Unsurprisingly, at least to Seya, they were the first to arrive and settle outside, on the porch, while the rest of their entourage either stayed in the city or surrounded the hill.
“… sorry.” Avar mumbled after a few moments of silence, sighing.
“Eh, it’s fine,” Seya shrugged, taking out a bottle of wine. “Either here or there, it’d still be just the two of us. Which is mighty-damn-fine, if you ask me.”
“You sure it was fine not to bring those two along?”
“… have you learned nothing from the last time we dragged them over against their will?”
“… eeeh… they might… have matured a bit…”
“They haven’t.”
“… yup, they haven’t.” Avar relented, knowing full-well the two angels he loved beyond words were actually devils in the eyes of many others. “Who do you look forward to seeing the most?”
"… I don't know," Seya sighed. "All of them, I suppose. I haven't seen anyone in at least a year. We really drifted… haven't we?"
"… it's not that strange if you think about," Avar said, taking the bottle from her and gulping down a few mouthfuls. "The two cornerstones that held you all together are no longer there."
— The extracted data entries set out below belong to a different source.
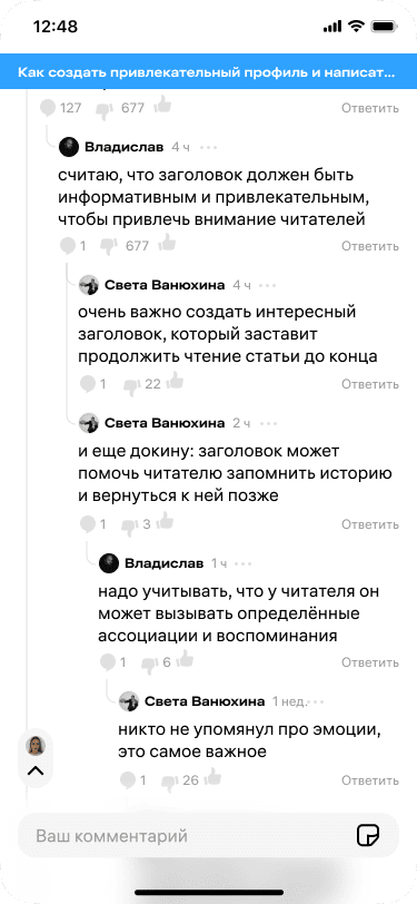 Комментарии — важнейший инструмент для формирования сообществ. Авторы создают комьюнити на основе своих постов и отреагировавших на них пользователей. Комментаторы делятся мнениями, голосуют за публикации и вступают в дискуссии.
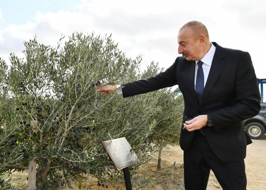 On November 4, the President of the Republic of Azerbaijan Ilham Aliyev participated in the opening of the largest olive oil and table olive products processing plant of Absheron Olive Garden Limited Liability Company (LLC) in the Zira settlement of the Khazar district of Baku, citing the Press Service of the President.
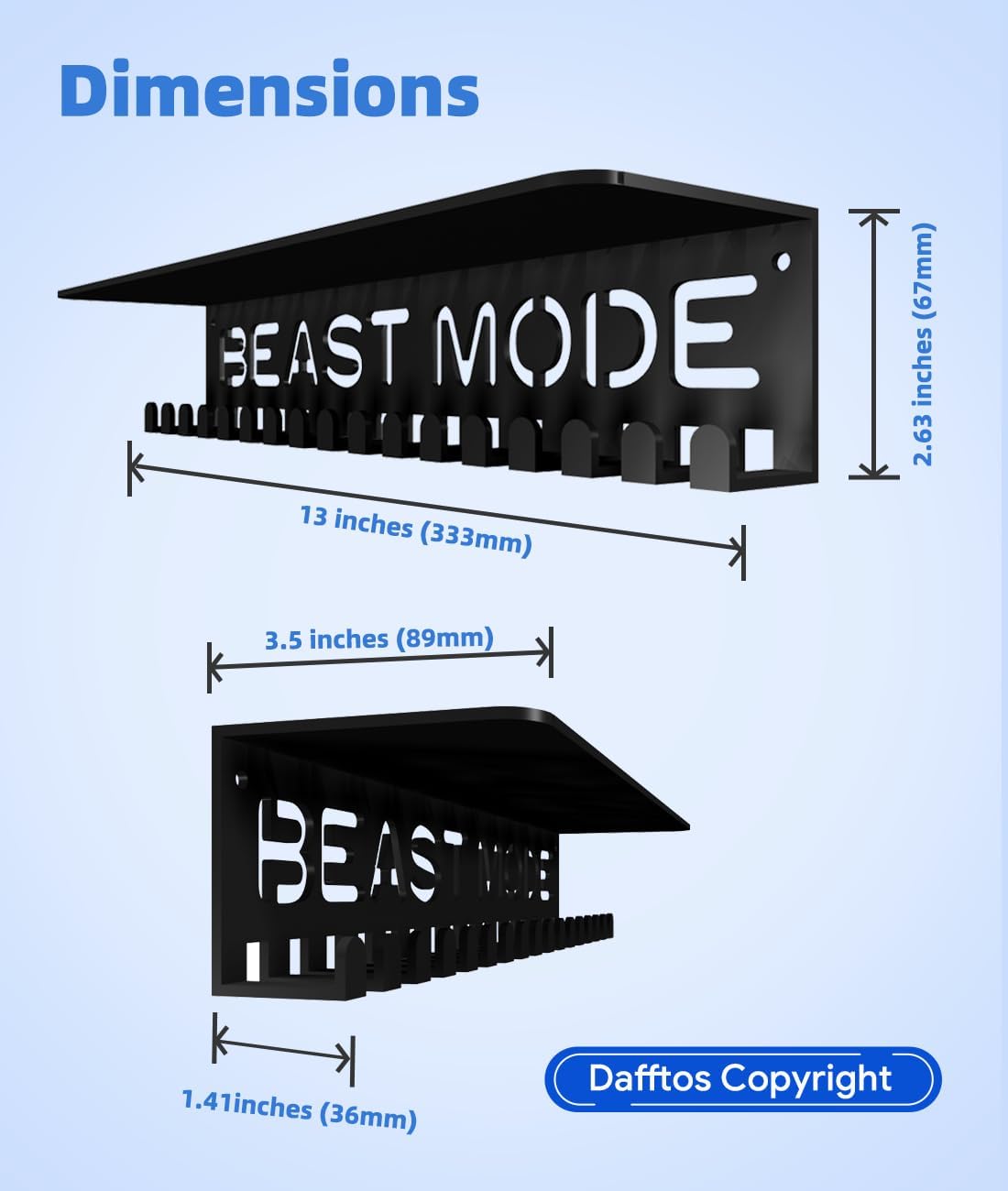 Trophy Medal Shelf Hanger Ribbon Holder Display Medals Wall Metal Rack Organizer Frame Awards Ribbon Cheer Gymnastics Soccer Softball beast mode Runner Race Hold Medals Easy to Install | GearViral

“… yeah,” Seya nodded lightly. “I don’t think anybody quite realized just how dependent on Lino and Hannah the rest of our friendships were. With them not acting as the sun of our small system… it feels eerily natural that we’d go adrift from one another.”
“But… it’s also that we’ve all found our own lives to live, independent of the two of them,” Avar said. “Families, friends, territories… besides, life is long. There will be plenty of chances to sit together and drink.”
“—it’s strange how we always think that,” Seya said, her gaze drifting toward the sky. “Until someone dies… and we realize we’ll never sit together with them and drink… ever again. In the end, it’s all in the excuses. The younger I was, the more I wanted to share my time with others, to spend the hours and days amidst the vast company. Yet, honestly, right now… I’d much rather snuggle in with you and watch the starry sky than go drinking with any one of them.”
"…" Avar stared at the profile of the woman that had captured his heart many moons ago, yet that noose wrapped tightly around the blood-pump never got to loosen, even the slightest bit. He'd found himself frequently questioning just what luck had driven him to that pier on that day when he had no business going there in the first place. He couldn't even imagine how differently his life would have turned out had he never offered her to be a guide. He didn’t even want to imagine. It would not have been better than this – only much, much worse.